__Exercise instructions__. Every entry below must be retyped exactly, and the pictures must be left out.

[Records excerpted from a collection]

══════════════════════════════

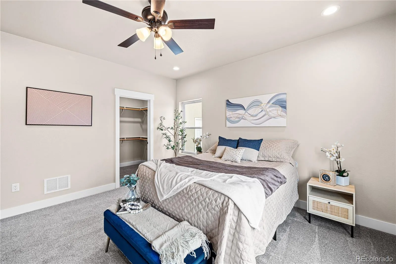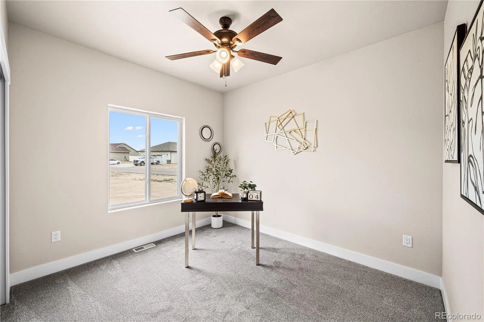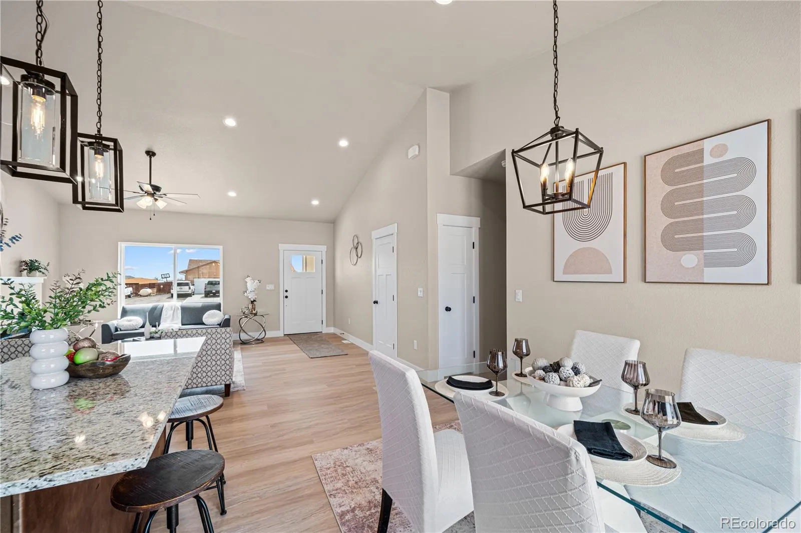 New, quality construction with all of the bells and whistles! Great one-level living with contemporary styling and low-maintenance features. 3 bedrooms, 2 baths and an attached 3-car garage make this home ideal for everyone! The delightful kitchen features recessed lighting, granite counter tops and an island. The primary suite includes an adjoining bathroom and includes an ample walk-in closet. Added bonus? Large opened rear patio to enjoy all the good Colorado climate affords. Warm tones. Home is completed.
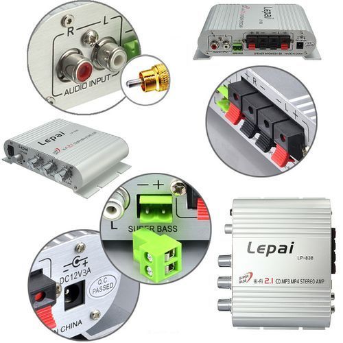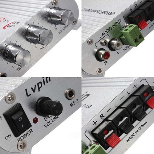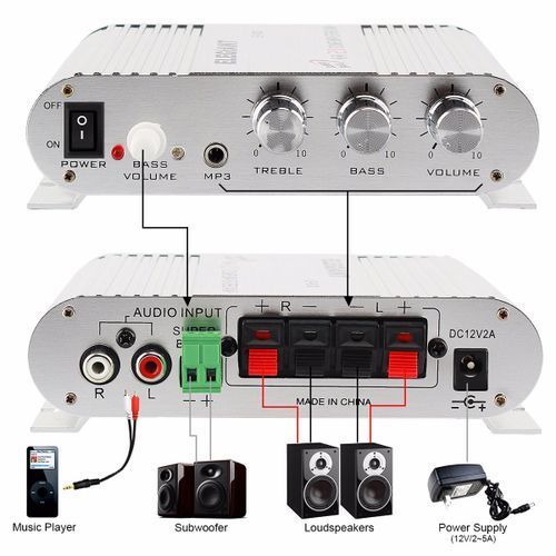 Features: 1.MP3, iPod, CD player input jack 2.200W max power output 3.Low distortion 4.Great for use on your vehicle or your home 5.Smart, lightweight aluminium casing 6.Lightweight, has a matt silver casing and allows for full control of your volume, treble and bass output. 7.It also has a jack for plugging your MP3, MP4, iPod or CD player
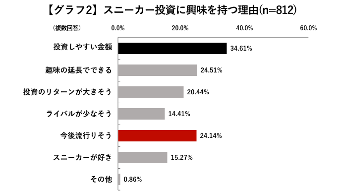 次に、「スニーカー投資に興味がある」と答えた方812名を対象に、その理由を尋ねました。「スニーカー投資のどんなところに興味がありますか。」との問いに対する答えは、「投資しやすい金額」(34.61%)が1位、「趣味の延長でできる」(24.51%)が2位となり、「エントリーのしやすさ」が大きな魅力と言えそうです。「今後流行りそう」(24.14%)、「ライバルが少なそう」(14.41%)と「トレンド性」または「将来性」に注目する投資経験者が多いことも特長的です。【グラフ2】
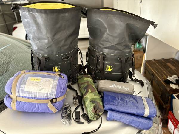 Included are two disc locks (one with alarm), a one man tent, tarp, sleeping bag, pair of heated gloves, two pairs of summer gloves, glove liners, fuel bottle, siphon hose, Carbon Ultralite tubeless tire repair kit, bungee cords and straps, perforated summer riding coat and pants (Joe Rocker Rocket Girl size L) with cooling vest and cooling bandana, Bilt ballistic over-pants (size XL), TCX waterproof boots (size 9 men), BILT ankle length boots (size 10 women).
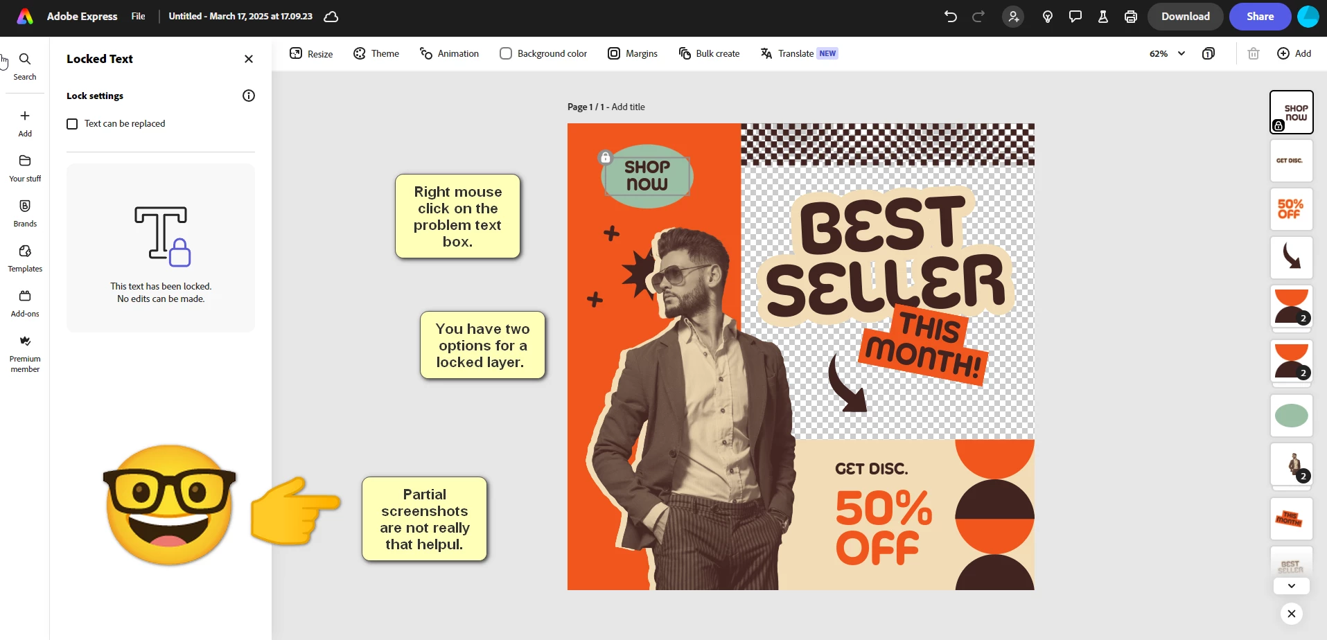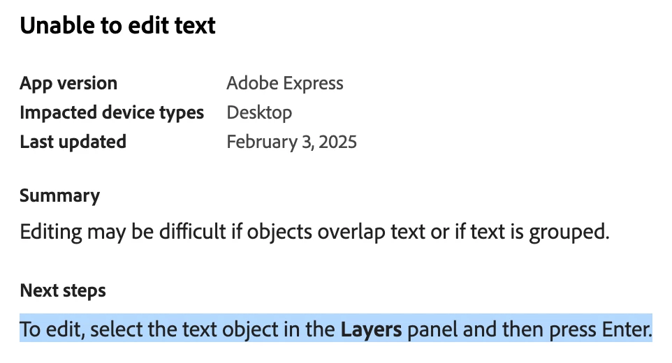 I can only edit what is available on the left panel but cannot rewrite actual text.
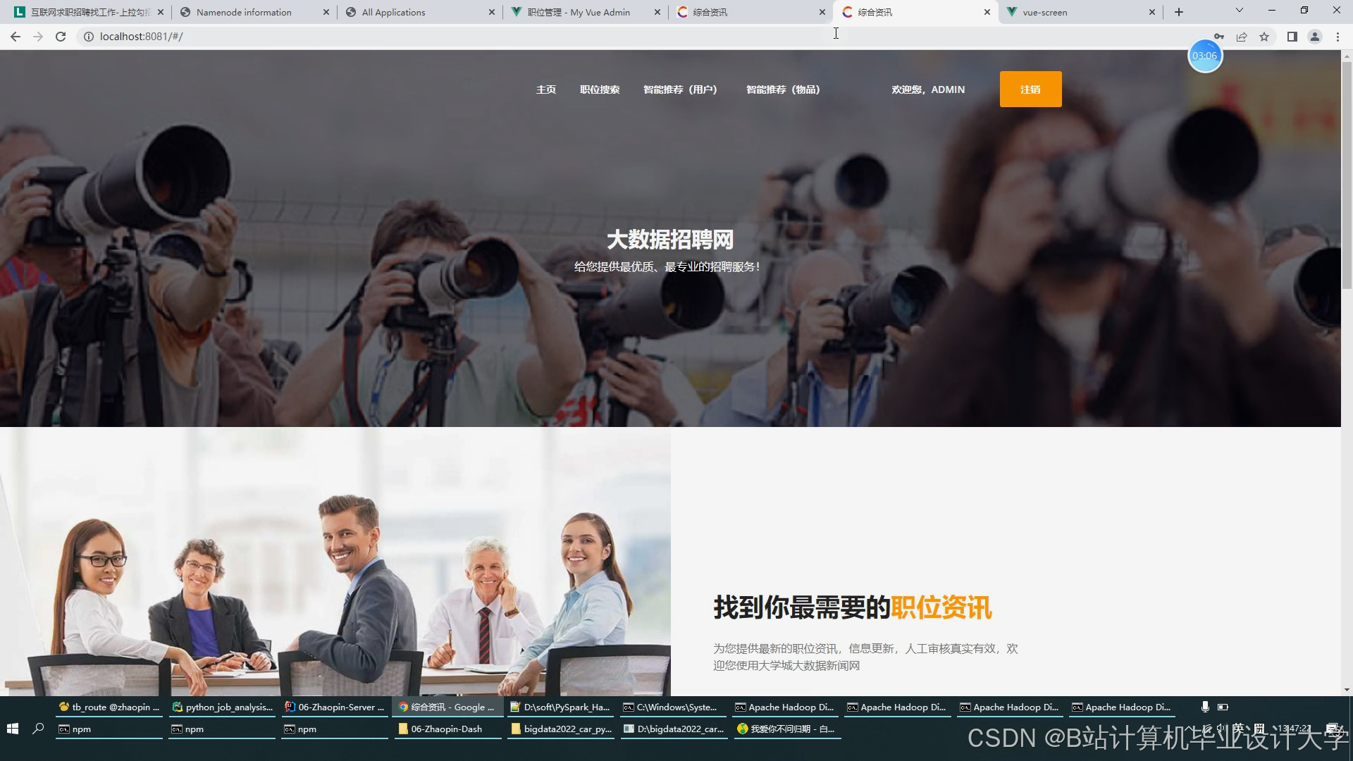 随着互联网招聘平台的普及,企业招聘和求职者行为数据呈现指数级增长。传统数据处理工具(如关系型数据库)在处理海量、高维、异构的招聘数据时面临效率低、扩展性差等问题。Hadoop生态系统(Hadoop+Spark+Hive)凭借其分布式存储与计算能力,成为招聘大数据分析的核心技术栈。同时,结合可视化技术与智能化推荐算法,可进一步挖掘数据价值,实现“人岗精准匹配”。本文综述了近年来相关领域的研究成果,重点分析Hadoop生态技术在招聘场景中的应用模式、现存问题及未来方向。

══════════════════════════════

__Reply__.
 New, quality construction with all of the bells and whistles! Great one-level living with contemporary styling and low-maintenance features. 3 bedrooms, 2 baths and an attached 3-car garage make this home ideal for everyone! The delightful kitchen features recessed lighting, granite counter tops and an island. The primary suite includes an adjoining bathroom and includes an ample walk-in closet. Added bonus? Large opened rear patio to enjoy all the good Colorado climate affords. Warm tones. Home is completed.
 Features: 1.MP3, iPod, CD player input jack 2.200W max power output 3.Low distortion 4.Great for use on your vehicle or your home 5.Smart, lightweight aluminium casing 6.Lightweight, has a matt silver casing and allows for full control of your volume, treble and bass output. 7.It also has a jack for plugging your MP3, MP4, iPod or CD player
 次に、「スニーカー投資に興味がある」と答えた方812名を対象に、その理由を尋ねました。「スニーカー投資のどんなところに興味がありますか。」との問いに対する答えは、「投資しやすい金額」(34.61%)が1位、「趣味の延長でできる」(24.51%)が2位となり、「エントリーのしやすさ」が大きな魅力と言えそうです。「今後流行りそう」(24.14%)、「ライバルが少なそう」(14.41%)と「トレンド性」または「将来性」に注目する投資経験者が多いことも特長的です。【グラフ2】
 Included are two disc locks (one with alarm), a one man tent, tarp, sleeping bag, pair of heated gloves, two pairs of summer gloves, glove liners, fuel bottle, siphon hose, Carbon Ultralite tubeless tire repair kit, bungee cords and straps, perforated summer riding coat and pants (Joe Rocker Rocket Girl size L) with cooling vest and cooling bandana, Bilt ballistic over-pants (size XL), TCX waterproof boots (size 9 men), BILT ankle length boots (size 10 women).
 I can only edit what is available on the left panel but cannot rewrite actual text.
 随着互联网招聘平台的普及,企业招聘和求职者行为数据呈现指数级增长。传统数据处理工具(如关系型数据库)在处理海量、高维、异构的招聘数据时面临效率低、扩展性差等问题。Hadoop生态系统(Hadoop+Spark+Hive)凭借其分布式存储与计算能力,成为招聘大数据分析的核心技术栈。同时,结合可视化技术与智能化推荐算法,可进一步挖掘数据价值,实现“人岗精准匹配”。本文综述了近年来相关领域的研究成果,重点分析Hadoop生态技术在招聘场景中的应用模式、现存问题及未来方向。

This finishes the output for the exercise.